More research would be needed to determine why these areas of the brain are different in autism and despite the connection between mirror neuron dysfunction and autism the findings are currently only tentative as suggested by Dinstein et al. Recall also that the mirror neuron system is not the only brain system that is associated with imitation, reflection, and the development of social skills. It still remains to be seen how mirror neurons in the brain and their functioning are related to many of the other characteristics of autism and how they relate to other brain areas that contribute to this disorder.

References

Dawson, G., Toth, K., Abbott, R., Osterling, J., Munson, J., Estes, A., & Liaw, J. (2004). Early Social Attention Impairments in Autism: Social Orienting, Joint Attention, and Attention to Distress. Developmental Psychology, 40, (2), 271–283.

Dinstein, I., Thomas, C, Humphreys, K., Minshew, N., Behrmann,M., & Heeger, D.J. (2010). Normal Movement Selectivity in Autism. Neuron, 66 (3), 461-469.

Hadjikhani, N., Joseph, R.M., Snyder, J., & Tager-Flusberg, H. (2006). Anatomical Differences in the Mirror Neuron System and Social Cognition Network in Autism. Cerebral Cortex, 16, 1276-1282.

Kanner L (1949). Problems of nosology and psychodynamics in early childhood autism. American Journal of Orthopsychiatry, 19 (3), 416–426.

Lombardo, M. V., Chakrabarti, B., Bullmore, E.T., Sadek, S.A., Pasco, G., Wheelwright, S. J., Suckling, J., & Baron-Cohen, S. (2010). Atypical Neural Self-Representation in Autism. Brain, 133 (2), 611-624.

Receveur, C., Lenoir, P., Desombre, H., Roux, S., Barthelemy, C., & Malvy, J. (2005). Interaction and imitation deficits from infancy to 4 years of age in children with autism: a pilot study based on videotapes. Autism, 9, (1), 69-82.
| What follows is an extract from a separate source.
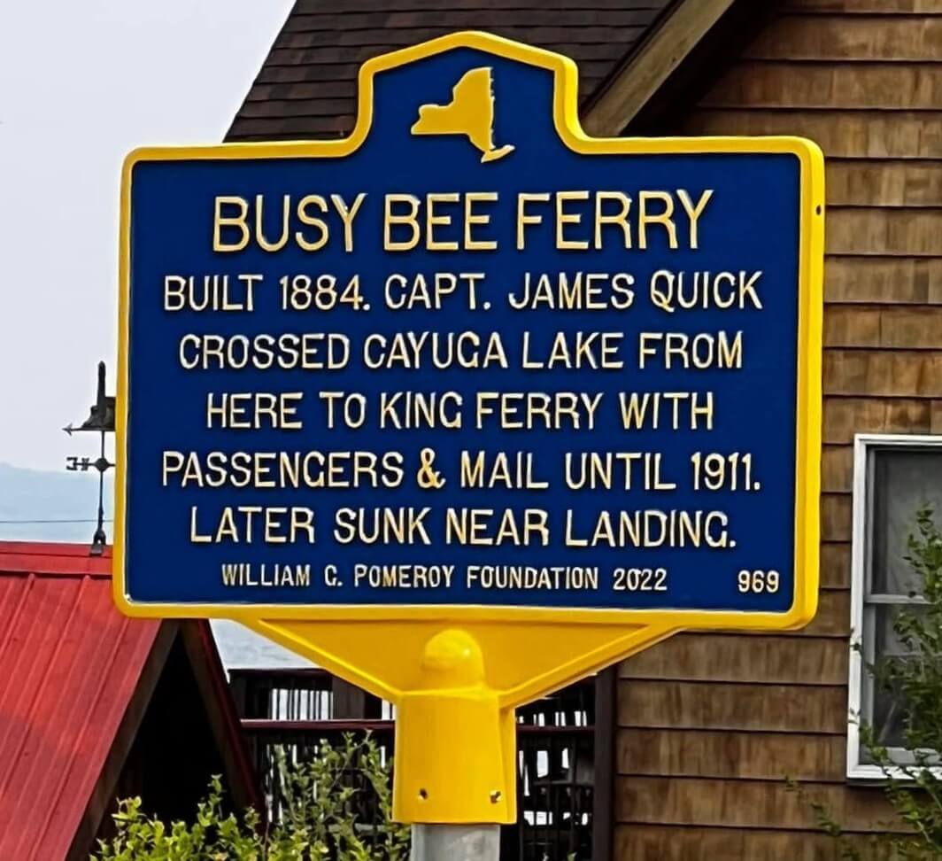 With the advent of the automobile and improved means of transportation around Cayuga Lake, the Busy Bee was retired in 1911. Shortly after this, the boat was sunk near the landing in Kidders. On June 28, 1942, the Ithaca Journal ran an article in which Captain Quick, then 87 years old, recalled his Busy Bee ferry boat. In the article, it was estimated that he crossed Cayuga Lake with his ferry more than 40,000 times.

Rizzolatti, G. & Craighereo, L. (2004). The mirror neuron system. Annual Review of Neuroscience, 27, 169–192.

Williams, J.H.G., Massaro, D.W., Peel, N.J., Bosseler, A., & Suddendorf, T. (2004). Visual– auditory integration during speech imitation in autism. Research in Developmental Disabilities, 25, 559–575.

Williams, J.H.G., Whiten, A., Suddendorf, T., & Perrett, T.I. (2001). Imitation, mirror neurons and autism. Neuroscience and Biobehavioral Reviews 25, 287-295.